Namun demikian, Allah memberikan keistimewaan khusus kepada umat Nabi Muhammad berupa Bulan Ramadhan. “Ramadhan adalah anugerah luar biasa bagi umat ini. Allah memberikan kepada kita bulan yang penuh keberkahan agar kita menjadi umat yang lebih mulia dibandingkan umat-umat sebelumnya,” jelasnya.
Ia juga menyampaikan bahwa umat Nabi Muhammad adalah umat terakhir yang menghuni bumi, namun menjadi umat pertama yang dihisab dan pertama kali masuk surga. Salah satu bentuk kemuliaan tersebut adalah adanya Ramadhan, di mana pahala dilipatgandakan dan pintu ampunan dibuka selebar-lebarnya.
“Agar pahala kita lebih besar dari umat-umat sebelum kita, Allah memberikan Ramadhan kepada kita. Maka maksimalkanlah ibadah di waktu-waktu yang penuh keberkahan ini,” ujar Ustadz Iqbal.
Dalam kajian tersebut, ia menekankan bahwa di antara sifat seorang mukmin adalah berbahagia dalam ketaatan. Seorang yang beriman merasa senang ketika Allah memudahkan dirinya untuk beribadah dan mendapatkan pahala yang besar.
Ustadz Iqbal juga mengingatkan tentang dua kebahagiaan bagi orang yang berpuasa, sebagaimana disebutkan dalam hadits Nabi. “Orang yang berpuasa memiliki dua kebahagiaan: kebahagiaan ketika berbuka puasa dan kebahagiaan ketika berjumpa dengan Allah Subhanahu wa Ta’ala,” terangnya.

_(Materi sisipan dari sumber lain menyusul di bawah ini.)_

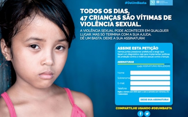 A instituição Aldeias Infantis SOS lançou uma petição online para pressionar o poder público a fazer um diagnóstico sobre a violência sexual contra crianças e adolescentes e, posteriormente, planejar ações efetivas de combate ao problema. O documento da campanha Dê um Basta será entregue aos gestores municipais no dia próximo dia 5.
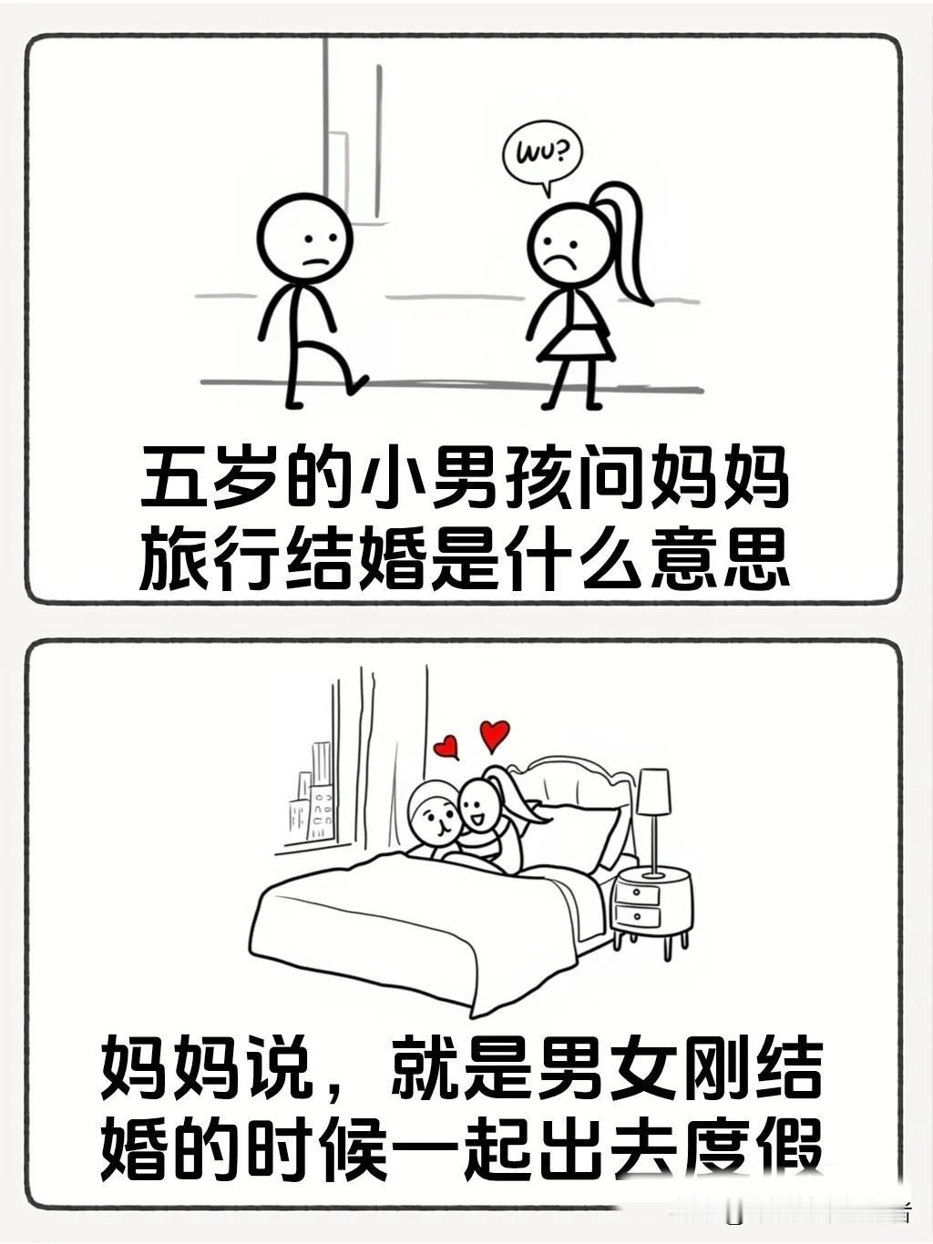 趣味漫画:“五岁小男孩问妈妈,旅行结婚是什么意思妈妈说,就是男女刚结婚的时候一起出去度假男孩又问:那你和爸爸带我去了么?妈妈宠爱地回答…”

Ia menambahkan bahwa pahala puasa memiliki keistimewaan tersendiri. Tidak seperti amalan lain yang disebutkan kelipatan pahalanya, puasa adalah ibadah yang balasannya langsung dari Allah dengan pahala yang tidak terbatas.
Selain itu, jamaah juga diingatkan pentingnya memahami hal-hal yang wajib dan yang haram. Ramadhan bukan hanya tentang menahan lapar dan haus, tetapi juga tentang memperbaiki diri, menjaga lisan, menahan amarah, serta menjauhi maksiat.
Dalam pemaparannya, Ustadz Iqbal menyampaikan beberapa kiat agar Ramadhan lebih bermakna:
Pertama, menyadari bahwa hidup adalah pertanggungjawaban. Setiap perkataan dan perbuatan akan dicatat dan dipertanggungjawabkan di hadapan Allah.
Kedua, meyakini bahwa setiap kebaikan akan kembali kepada diri sendiri. Sedekah, membantu sesama, dan amal saleh lainnya akan mendatangkan ketenangan hati dan keberkahan hidup.
Ketiga, memahami keutamaan Ramadhan, di mana pahala dilipatgandakan, dosa diampuni, doa lebih mudah dikabulkan, dan terdapat malam Lailatul Qadar yang lebih baik dari seribu bulan.
Keempat, menjadikan puasa sebagai latihan pengendalian diri, bukan hanya menahan makan dan minum, tetapi juga menjaga sikap dan perilaku.
Kelima, memiliki target ibadah, seperti mengkhatamkan Al-Qur’an, rutin tarawih, memperbanyak sedekah, dan memperbanyak doa agar Ramadhan lebih terarah dan optimal.
Kajian ini diharapkan dapat menjadi pengingat sekaligus motivasi bagi jamaah untuk menyambut Ramadhan dengan persiapan iman, ilmu, dan amal, sehingga Ramadhan tahun ini benar-benar membawa perubahan dan peningkatan kualitas diri.